In an animal study published in 2017, pigs, after pre‐treatment with aspirin, were administered an intravenous infusion of ticagrelor or vehicle. At the end of the infusion, a standardized liver injury was induced and a bolus of PB2452 or vehicle was administered intravenously. Blood was collected to monitor blood loss, mean arterial blood pressure (MAP) was recorded and survival time was observed over 4 hours. Blood samples for drug plasma exposures and platelet aggregation were collected.

PB2452 eliminated the free concentrations of ticagrelor and ticagrelor active metabolite (TAM) within 5 minutes. ADP‐induced platelet aggregation was close to normal at 60 min, which was not significantly different from aspirin alone. PB2452 numerically improved ticagrelor‐mediated effects: body-weight-adjusted blood loss in the 15- to 90-minute interval; survival; and median survival time.  In addition, PB2452 significantly attenuated decline in mean arterial blood pressure (MAP) and maintained MAP at a significantly higher level.

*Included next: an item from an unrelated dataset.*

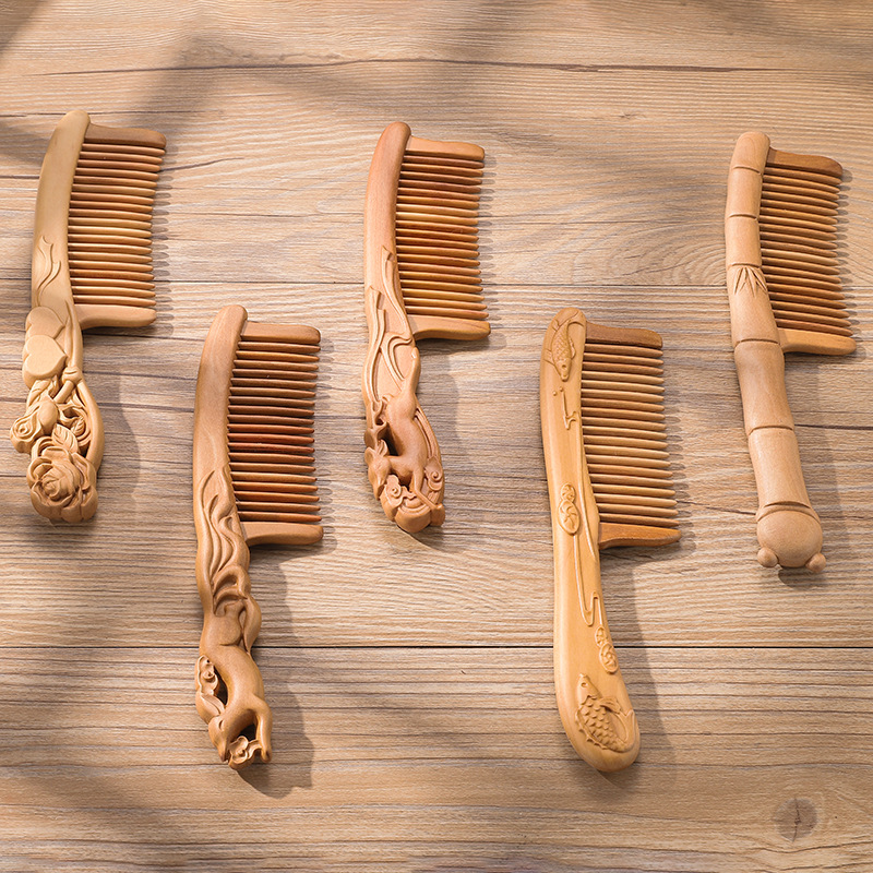 ピーチウッドコーム彫刻歯コーム彫刻コーム理髪コームマッサージコームハンドル彫刻コームメーカー卸売

The investigators concluded that PB2452 eliminated free ticagrelor and TAM within 5 minutes. This translated into a gradual normalization of ADP‐induced platelet aggregation and significant improvement in blood pressure and numerical but non‐significant improvements in blood‐loss and survival.  This final finding reiterates the concept that bentracimab is not in itself a hemostatic agent, but instead it reverses the anti-hemostatic effects of ticagrelor and TAM, facilitating multimodal resuscitation of the bleeding animal.